▶ WHAT TO PRODUCE
Return the lines below exactly, please, from the one containing "Q5: 모바일에서도카지노게임을즐길수있나요? A5: 네!" through the last one, both included, and leave out any pictures.
SOURCE MATERIAL: Begin
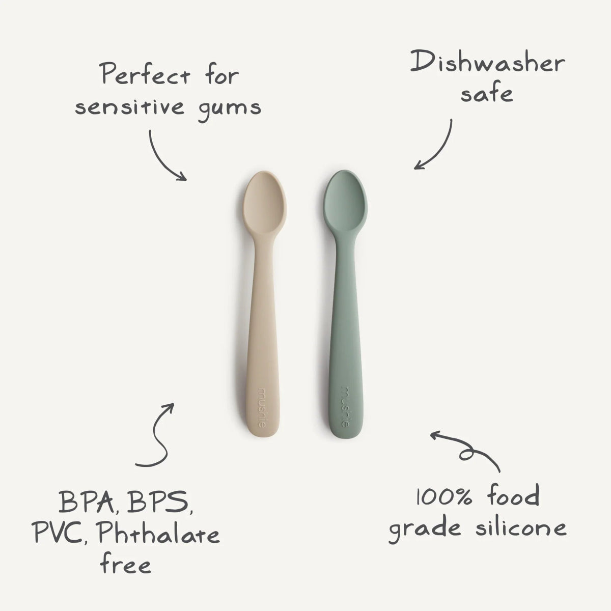 Im Lieferumfang enthalten: 1x Set mit 2 Silikonfütterungslöffeln
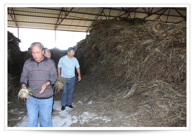 下圖為公司董事長(右一)在晾曬涼棚里查看返魂草藥材
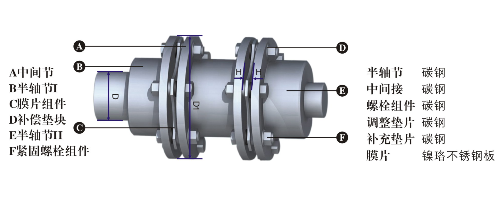 | 型号(T) | 最大轴径(D)mm | 最大功率KW | 公称扭矩Nm | 偏差补偿量 | D1 | H | |
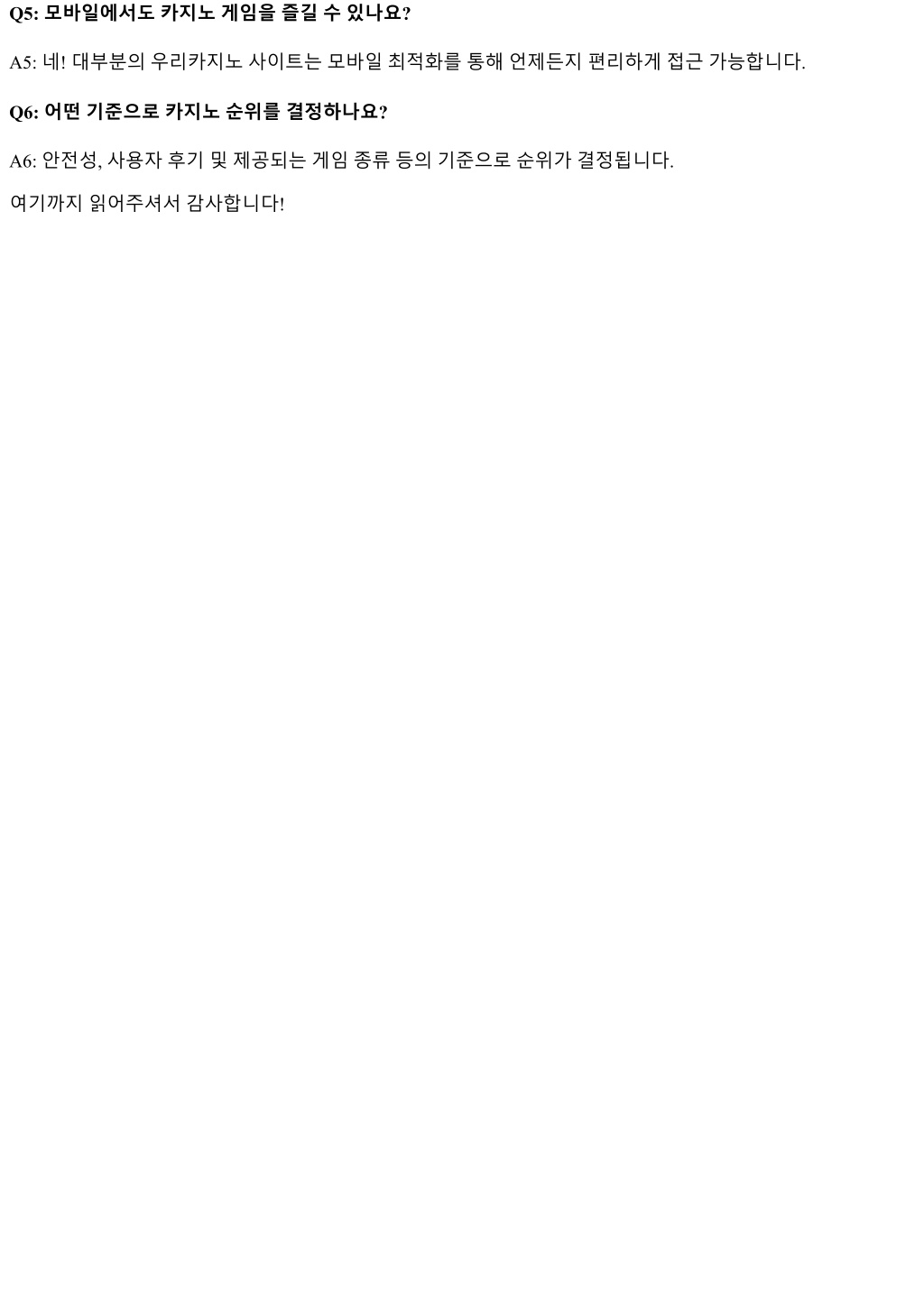 Q5: 모바일에서도카지노게임을즐길수있나요? A5: 네! 대부분의우리카지노사이트는모바일최적화를통해언제든지편리하게접근가능합니다. Q6: 어떤기준으로카지노순위를결정하나요? A6: 안전성, 사용자후기및제공되는게임종류등의기준으로순위가결정됩니다. 여기까지읽어주셔서감사합니다!
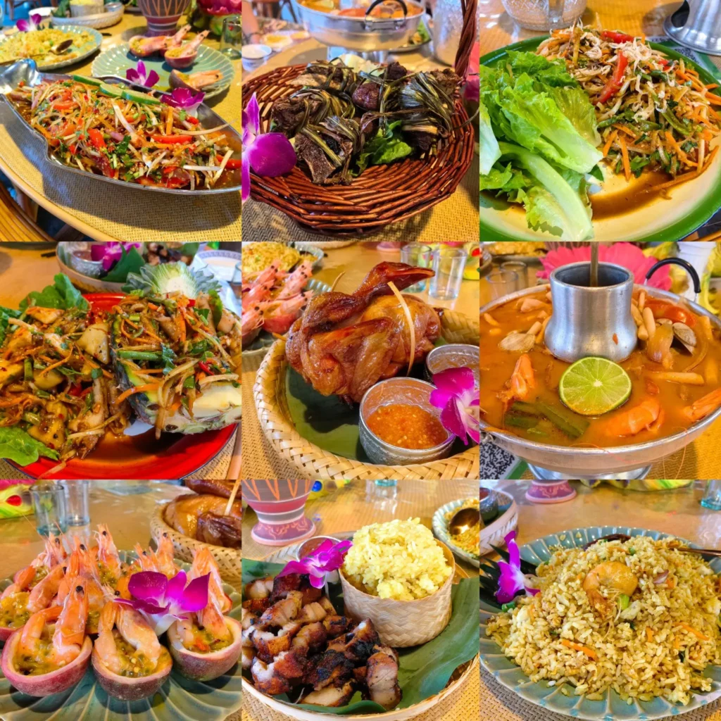 - 晚餐:在傣族園附近的正宗傣味餐館,品嘗傣味手抓飯。點一份多人份的手抓飯,包含香茅草烤鸡、烤鱼、喃咪拼盤、酸笋炒肉、糯米饭等菜品,圍坐在一起用手抓食,體驗地道的傣家聚餐文化。餐後搭配一杯老撾冰咖啡,解膩又提神。
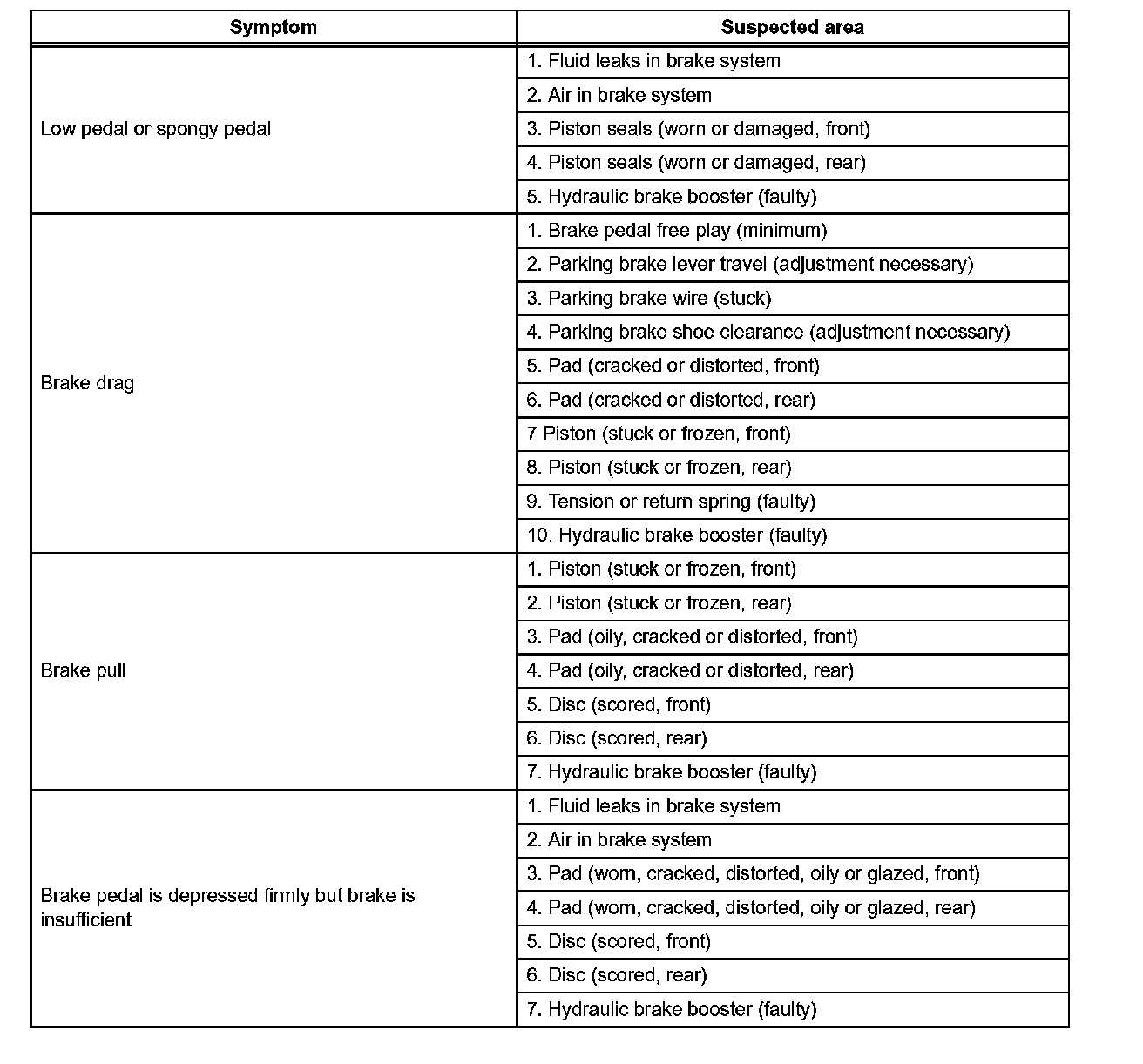 PROBLEM SYMPTOMS TABLEProblem Symptoms Table-Brake System (Part 1):
SOURCE MATERIAL: End
▶ YOUR RESPONSE
 Q5: 모바일에서도카지노게임을즐길수있나요? A5: 네! 대부분의우리카지노사이트는모바일최적화를통해언제든지편리하게접근가능합니다. Q6: 어떤기준으로카지노순위를결정하나요? A6: 안전성, 사용자후기및제공되는게임종류등의기준으로순위가결정됩니다. 여기까지읽어주셔서감사합니다!
 - 晚餐:在傣族園附近的正宗傣味餐館,品嘗傣味手抓飯。點一份多人份的手抓飯,包含香茅草烤鸡、烤鱼、喃咪拼盤、酸笋炒肉、糯米饭等菜品,圍坐在一起用手抓食,體驗地道的傣家聚餐文化。餐後搭配一杯老撾冰咖啡,解膩又提神。
 PROBLEM SYMPTOMS TABLEProblem Symptoms Table-Brake System (Part 1):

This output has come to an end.